52 Tahun Freeport, Jalan Berliku ke Pangkuan Ibu Pertiwi

Setelah melalui jalan berliku proses divestasi saham

Jakarta, IDN Times - Setelah melalui perjalanan panjang PT Freeport Indonesia (FI) kini memasuki usia 52 tahun. Perjalanan perusahaan tambang yang beroperasi di Papua itu dilalui dengan proses berliku yang penuh kontroversi. Hal itu termasuk proses divestasi saham setelah 50 tahun dikuasai asing.

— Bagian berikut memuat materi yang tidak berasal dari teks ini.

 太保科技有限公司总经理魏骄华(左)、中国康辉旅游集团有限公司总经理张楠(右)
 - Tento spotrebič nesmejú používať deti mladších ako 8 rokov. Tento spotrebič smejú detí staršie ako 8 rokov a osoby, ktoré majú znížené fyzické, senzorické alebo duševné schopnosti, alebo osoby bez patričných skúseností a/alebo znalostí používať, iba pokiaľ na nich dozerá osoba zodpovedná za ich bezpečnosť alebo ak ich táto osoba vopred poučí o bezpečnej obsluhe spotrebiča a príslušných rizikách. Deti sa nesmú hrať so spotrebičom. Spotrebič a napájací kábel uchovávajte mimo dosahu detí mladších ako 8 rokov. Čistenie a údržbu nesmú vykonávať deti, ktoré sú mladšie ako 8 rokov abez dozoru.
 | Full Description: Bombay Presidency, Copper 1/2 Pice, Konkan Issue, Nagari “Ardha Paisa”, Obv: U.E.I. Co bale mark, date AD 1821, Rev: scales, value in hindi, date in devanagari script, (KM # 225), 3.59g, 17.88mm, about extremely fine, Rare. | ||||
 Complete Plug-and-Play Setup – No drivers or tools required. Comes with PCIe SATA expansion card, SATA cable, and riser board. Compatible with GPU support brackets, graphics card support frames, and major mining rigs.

Alot. Itulah kata yang digunakan Presiden Joko "Jokowi" Widodo untuk menggambarkan proses divestasi saham tersebut. Selama puluhan tahun, Indonesia berjuang untuk "merebut" saham mayoritas perusahaan tambang emas, PT FI yang sebelumnya disebut Freeport-McMoRan Inc itu.   

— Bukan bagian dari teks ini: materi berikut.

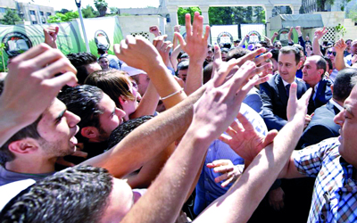وعرضت صفحة الرئاسة السورية على موقع «فيس بوك» للتواصل الاجتماعي صورة للأسد خلال الاحتفال، بدا فيها محاطاً بحراسه الشخصيين وسط جمع من الشبان والشابات الذين يمدون أيديهم لمصافحته.
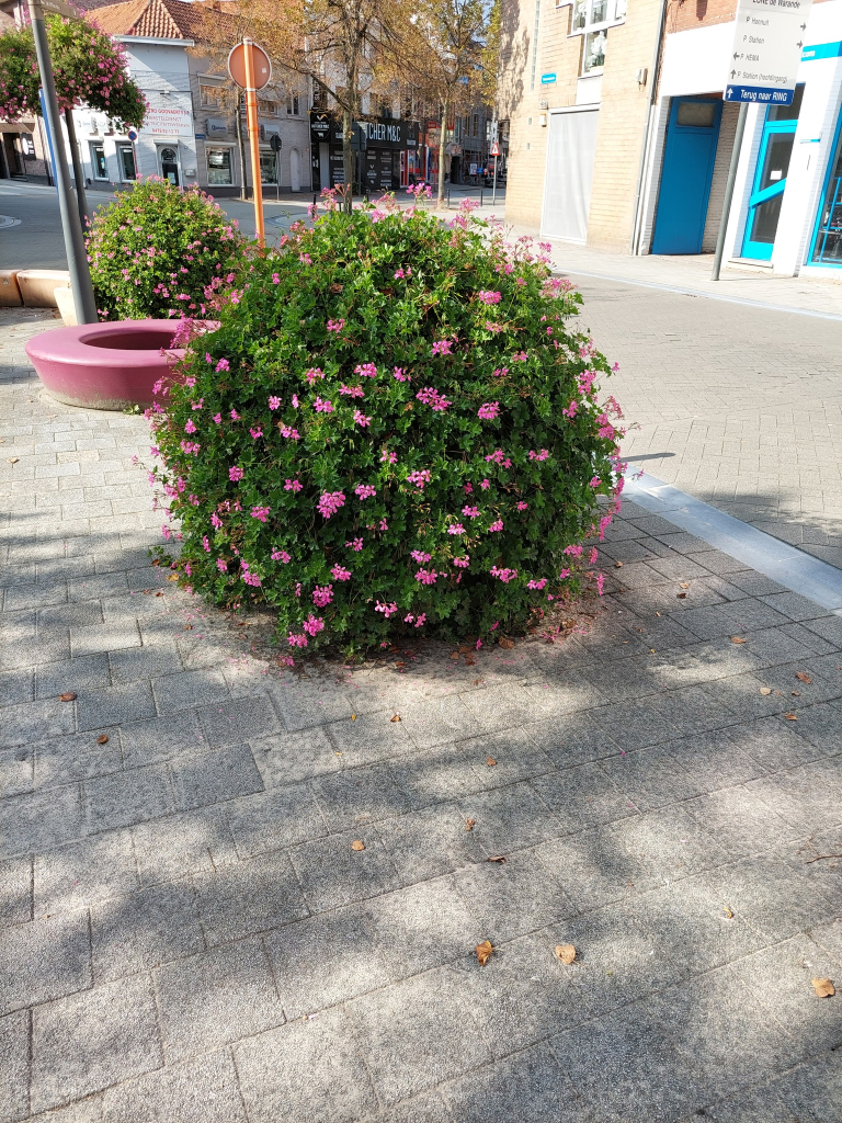 TIP voor de dienst groen, (de bakken zijn ondertussen weggehaald) zet die daar volgend jaar niet terug maar zorg dat er voldoende ruimte is om de stoep wel te kunnen gebruiken met een scootmobiel/rolstoel.
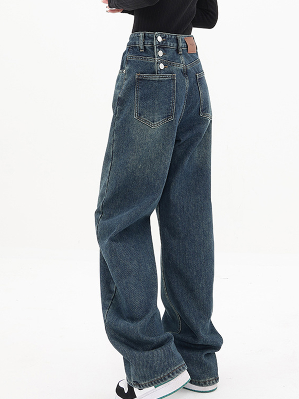 Multiple Buttons At Back Waist Boyfriend Jeans

"Terutama 1,5 tahun terakhir," kata Presiden Jokowi pada 12 Juli lalu.  Kala itu, Jokowi mengungkap bahwa sudah ada titik terang divestasi saham PT FI dimana para pihak yang terkait meneken Head of Agreement/HoA. 

Bagaimana perjalanan panjang PT FI tersebut? Berikut runutan lengkapnya yang disuguhkan oleh jurnalis IDN Times Ita F Malau, Helmi Shemi, dan Rosa Folia.

1. Lewat negosiasi, Indonesia kuasai saham Freeport lewat skema divestasi

52 Tahun Freeport, Jalan Berliku ke Pangkuan Ibu PertiwiANTARA FOTO/Wahyu Putro A

Jelang akhir Desember 2018, Pemerintah Indonesia akhirnya berhasil mengambil alih 51,2 persen saham PT Freeport Indonesia. Menteri Energi dan Sumber Daya Mineral (ESDM) Ignasius Jonan mengatakan, hal penting dalam proses akuisisi saham Freeport ini adalah negosiasi.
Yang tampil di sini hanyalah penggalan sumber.